• [HOW TO COMPLETE THIS TASK]: Return the entries that follow exactly, with no images.

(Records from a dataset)
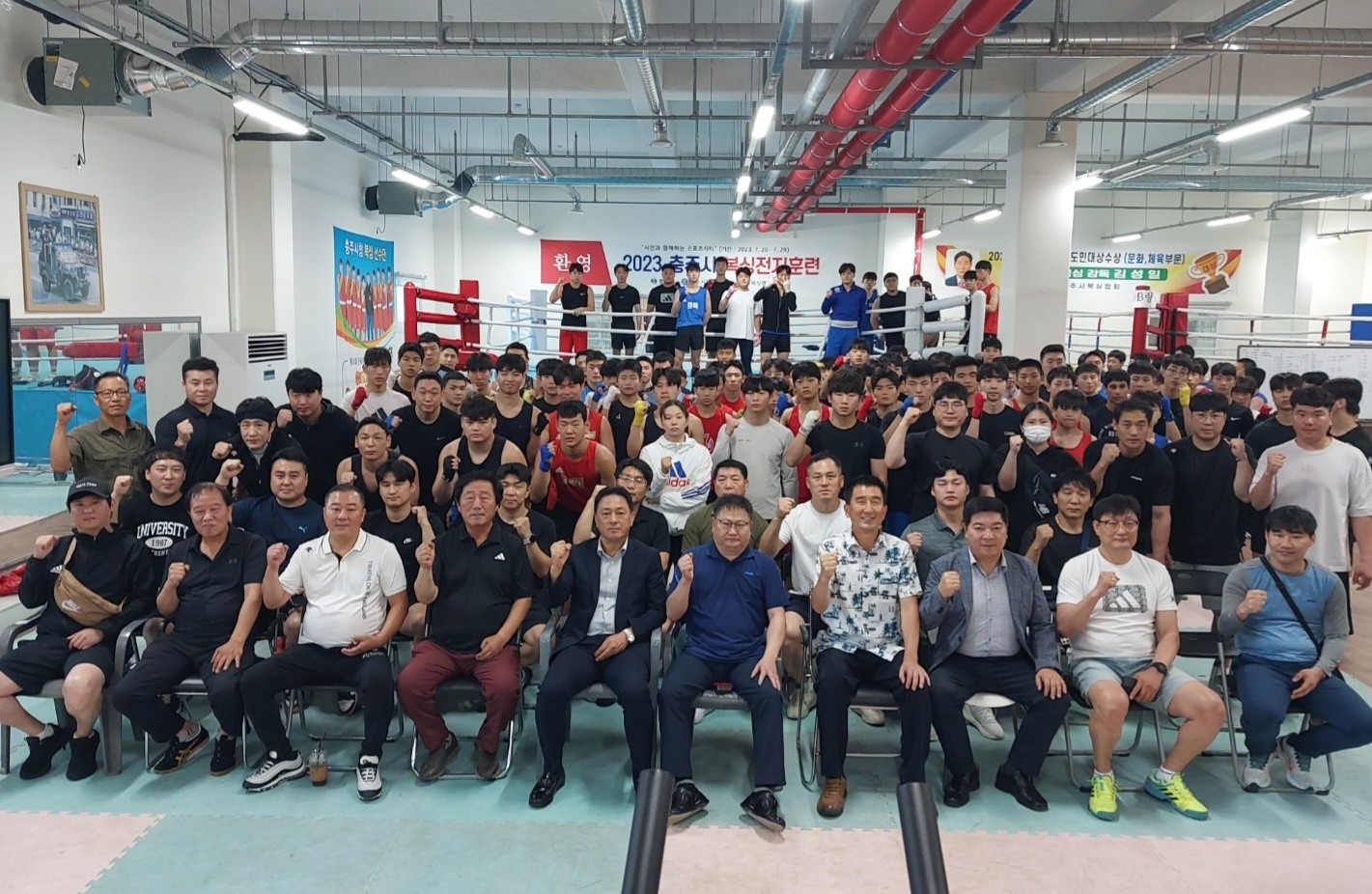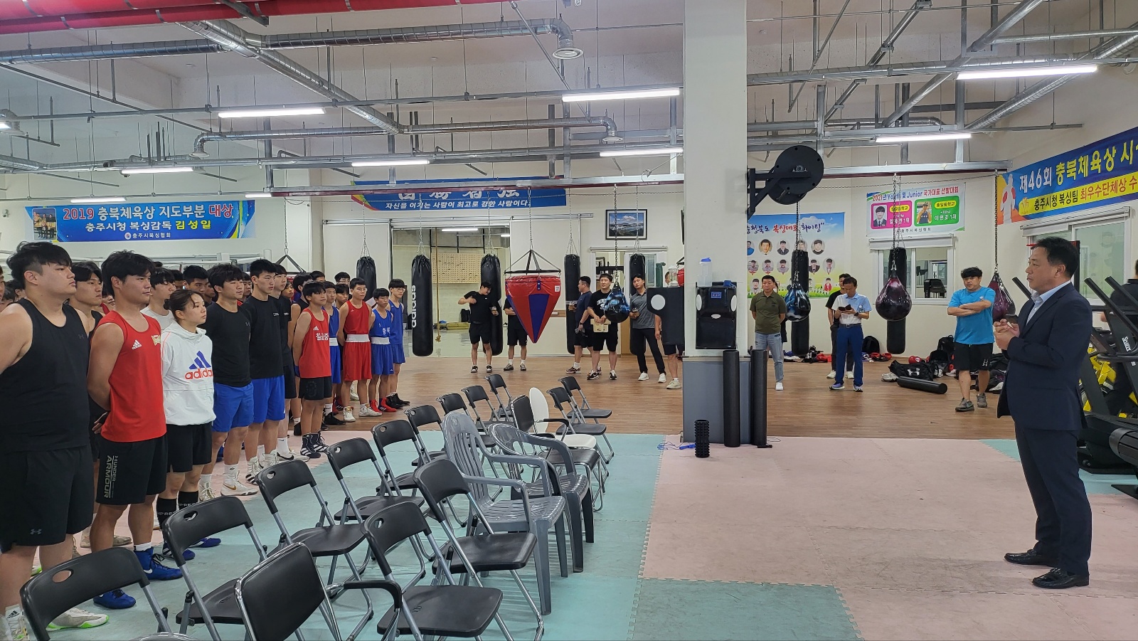 [2023 충주시 복싱 전지훈련] -기간 : 2023. 7. 20(목)~7. 29(토) -장소 : 충주종합운동장 복싱장, 충주공고 복싱장 -인원 : 중등부, 고등부, 대학부, 실업팀 240여 명 -내용 : 체력강화, 스파링 등 전지훈련 -주최 : 충주시체육회, 충주시 복싱협회 -주관 : 충주시 복싱협회(회장 임종률) -후원 : 충주시 -전지훈련 선수 격려 및 단체사진-
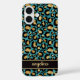Customize this gold foil leopard print on a teal brushed metallic background iPhone 16 case with your your name in a trendy modern script font in a coordinating gold on black. So chic!
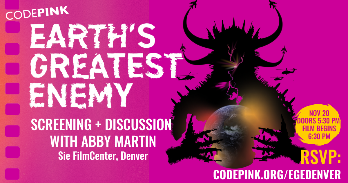 Join CODEPINK in Ithaca for a special screening of Earth's Greatest Enemy, featuring a Q&A with Abby Martin following the film.
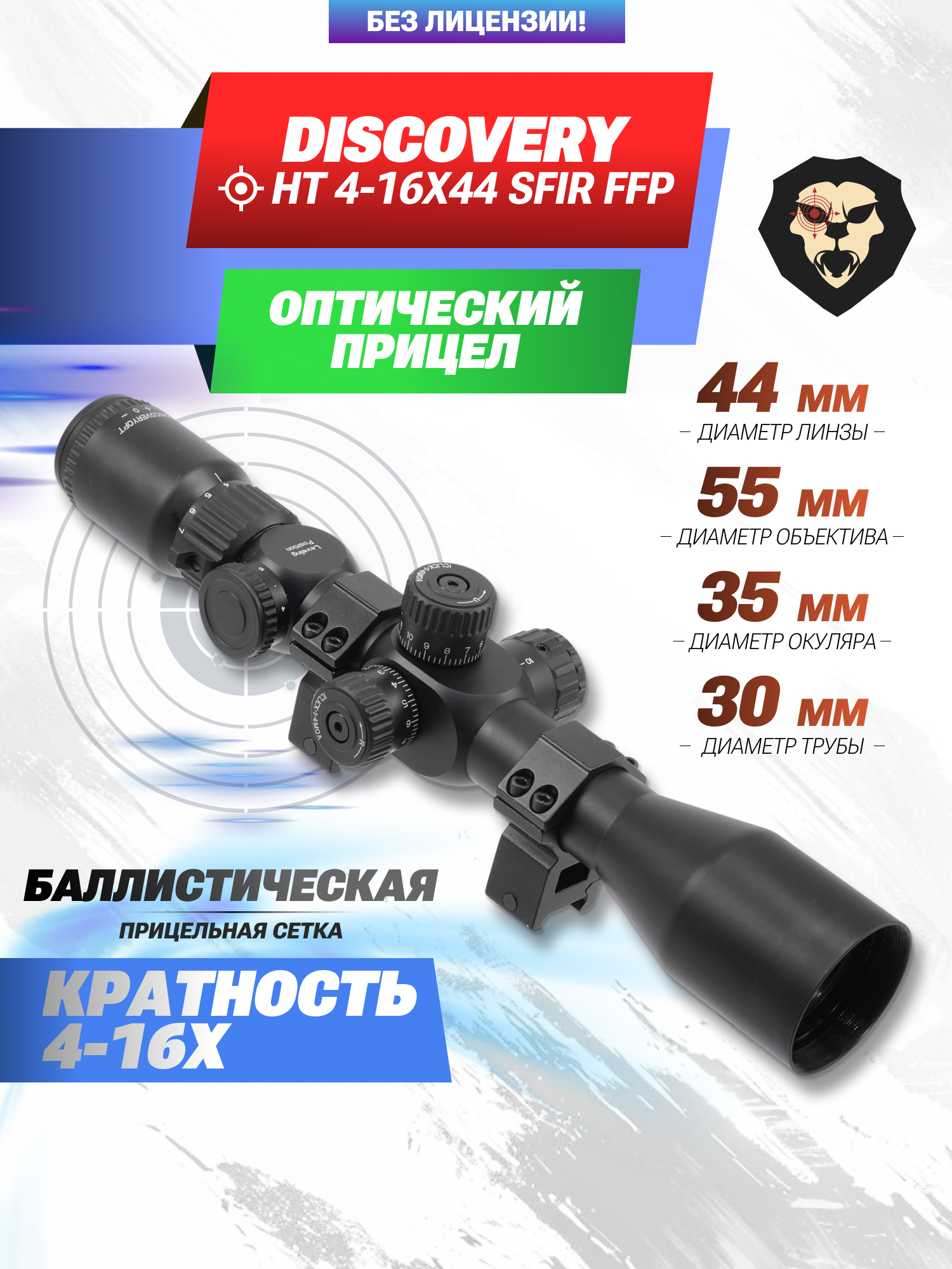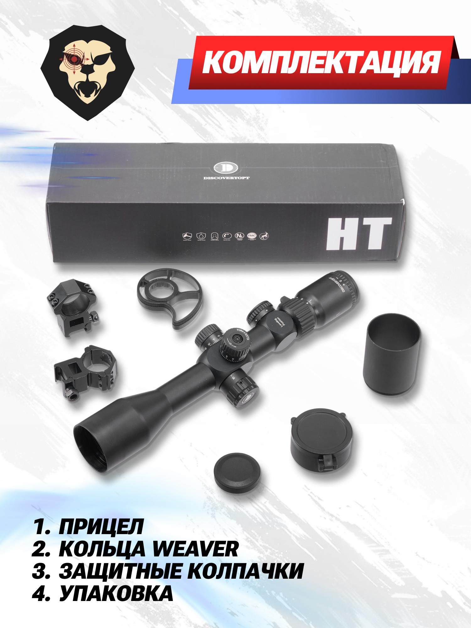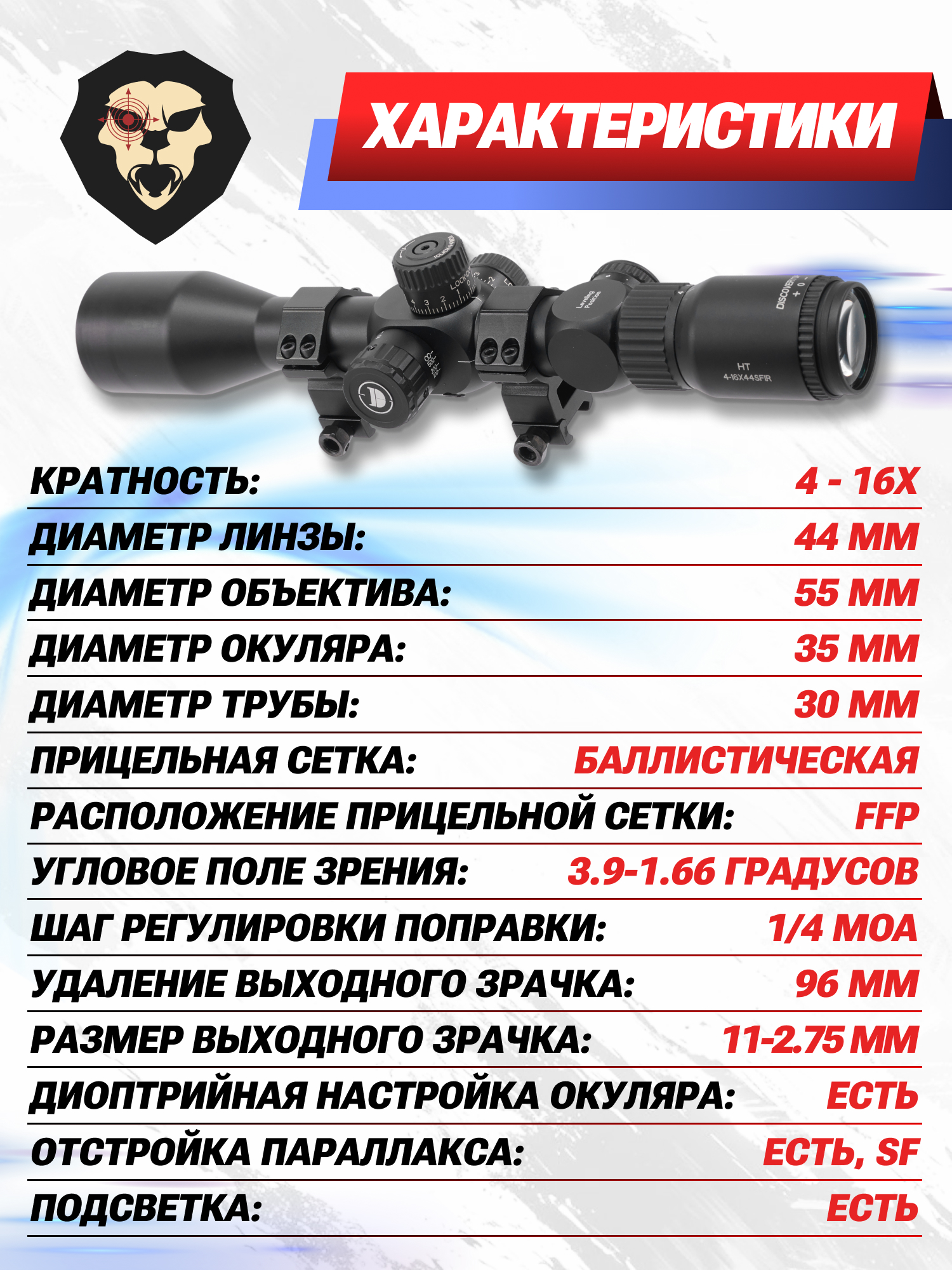 Информация о товаре "Оптический прицел Discovery HT 4-16x44 SFIR FFP (30 мм, 230701, подсветка, Weaver)" носит ознакомительный характер, и не является публичной офертой, определяемой положениями Статьи 437 Гражданского кодекса Российской Федерации, характеристики, внешний вид, цвет и комплектация могут быть изменены производителем без уведомления.
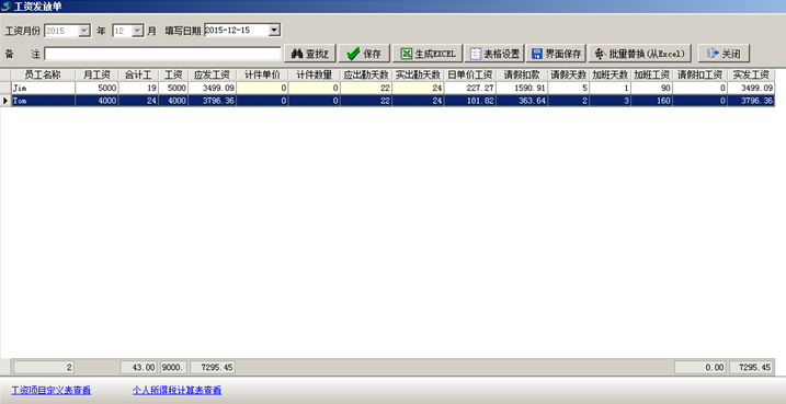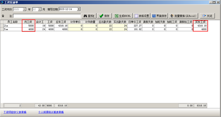 (2)“當月應出勤”為手工錄入,默認值為大于0的數(shù),否則生成工資表后會出現(xiàn)除數(shù)為0的錯誤
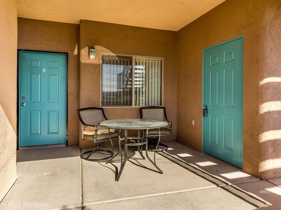 This beautiful, well-maintained condo is on the main level, has SPECTACULAR VIEWS, dual master-bedroom suites, and is MOVE-IN READY! This home features both front and back covered patios to watch the beautiful Mesquite sunrises and sunsets. There is ample storage space with two locked storage rooms. Brand new A/C system. Ready for you to move-in FULLY-FURNISHED, just bring your toothbrush! Not staying are the items in the master closet and the towels in the master bath. Residents have access to the Mesquite Vistas Recreation Center with swimming pool, hot tub, tennis courts and fitness facility.
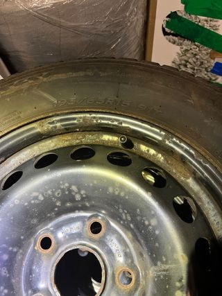 Rueda de coche con medidas 195/65R15 y código de carga/velocidad 91T. Llanta de acero. - Medida: 195/65R15 - Índice de carga/velocidad: 91T - Tipo de llanta: Acero - Grabado en llanta: 6J x 15 H2 ET47
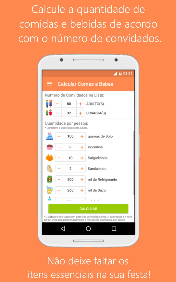 • Calcule la cantidad de comidas y bebidas según el número de invitados.
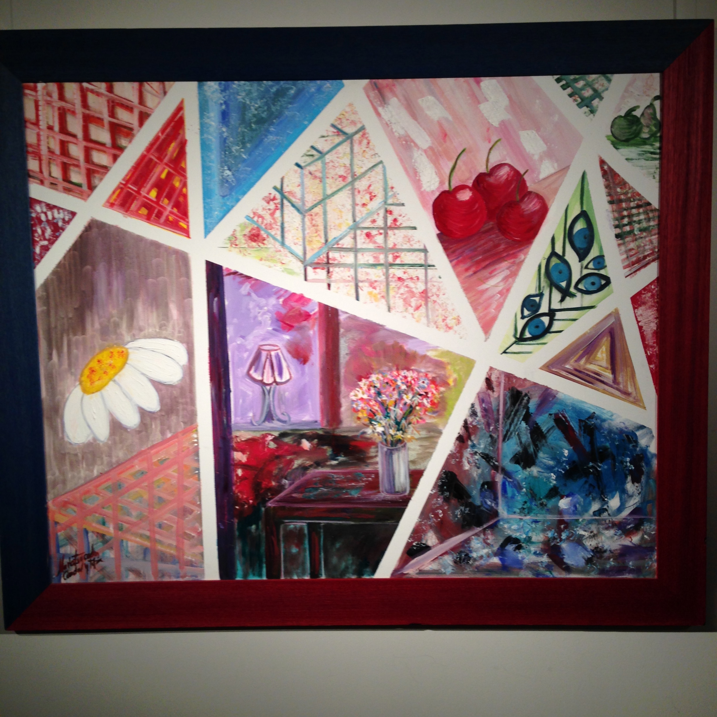 Exposición en Cambre de María FernandaSin embargo, el profano es capaz de detectar denominadores comunes en estas obras de María Fernanda, mas allá del colorido que va directo al corazón, pues en numerosos lienzos se adivina el vórtice o espiral en rotación, así como la pirámide o las salpicaduras de originales materiales, y por encima de todo, un curioso reto al juego con el espectador que, si se aleja ve el lienzo como si fuera el fecundo y colorista Amazonas desde una avioneta, pero si se aproxima el lienzo ofrece detalles minimalistas, unos escondidos, otros exuberantes y otros enigmáticos, que van abriendo ramilletes de sensaciones como las muñecas rusas. Exposición en Cambre

• [SOLUTION FOR THIS PROBLEM]:
 [2023 충주시 복싱 전지훈련] -기간 : 2023. 7. 20(목)~7. 29(토) -장소 : 충주종합운동장 복싱장, 충주공고 복싱장 -인원 : 중등부, 고등부, 대학부, 실업팀 240여 명 -내용 : 체력강화, 스파링 등 전지훈련 -주최 : 충주시체육회, 충주시 복싱협회 -주관 : 충주시 복싱협회(회장 임종률) -후원 : 충주시 -전지훈련 선수 격려 및 단체사진-
Customize this gold foil leopard print on a teal brushed metallic background iPhone 16 case with your your name in a trendy modern script font in a coordinating gold on black. So chic!
 Join CODEPINK in Ithaca for a special screening of Earth's Greatest Enemy, featuring a Q&A with Abby Martin following the film.
 Информация о товаре "Оптический прицел Discovery HT 4-16x44 SFIR FFP (30 мм, 230701, подсветка, Weaver)" носит ознакомительный характер, и не является публичной офертой, определяемой положениями Статьи 437 Гражданского кодекса Российской Федерации, характеристики, внешний вид, цвет и комплектация могут быть изменены производителем без уведомления.
 (2)“當月應出勤”為手工錄入,默認值為大于0的數(shù),否則生成工資表后會出現(xiàn)除數(shù)為0的錯誤
 This beautiful, well-maintained condo is on the main level, has SPECTACULAR VIEWS, dual master-bedroom suites, and is MOVE-IN READY! This home features both front and back covered patios to watch the beautiful Mesquite sunrises and sunsets. There is ample storage space with two locked storage rooms. Brand new A/C system. Ready for you to move-in FULLY-FURNISHED, just bring your toothbrush! Not staying are the items in the master closet and the towels in the master bath. Residents have access to the Mesquite Vistas Recreation Center with swimming pool, hot tub, tennis courts and fitness facility.
 Rueda de coche con medidas 195/65R15 y código de carga/velocidad 91T. Llanta de acero. - Medida: 195/65R15 - Índice de carga/velocidad: 91T - Tipo de llanta: Acero - Grabado en llanta: 6J x 15 H2 ET47
 • Calcule la cantidad de comidas y bebidas según el número de invitados.
 Exposición en Cambre de María FernandaSin embargo, el profano es capaz de detectar denominadores comunes en estas obras de María Fernanda, mas allá del colorido que va directo al corazón, pues en numerosos lienzos se adivina el vórtice o espiral en rotación, así como la pirámide o las salpicaduras de originales materiales, y por encima de todo, un curioso reto al juego con el espectador que, si se aleja ve el lienzo como si fuera el fecundo y colorista Amazonas desde una avioneta, pero si se aproxima el lienzo ofrece detalles minimalistas, unos escondidos, otros exuberantes y otros enigmáticos, que van abriendo ramilletes de sensaciones como las muñecas rusas. Exposición en Cambre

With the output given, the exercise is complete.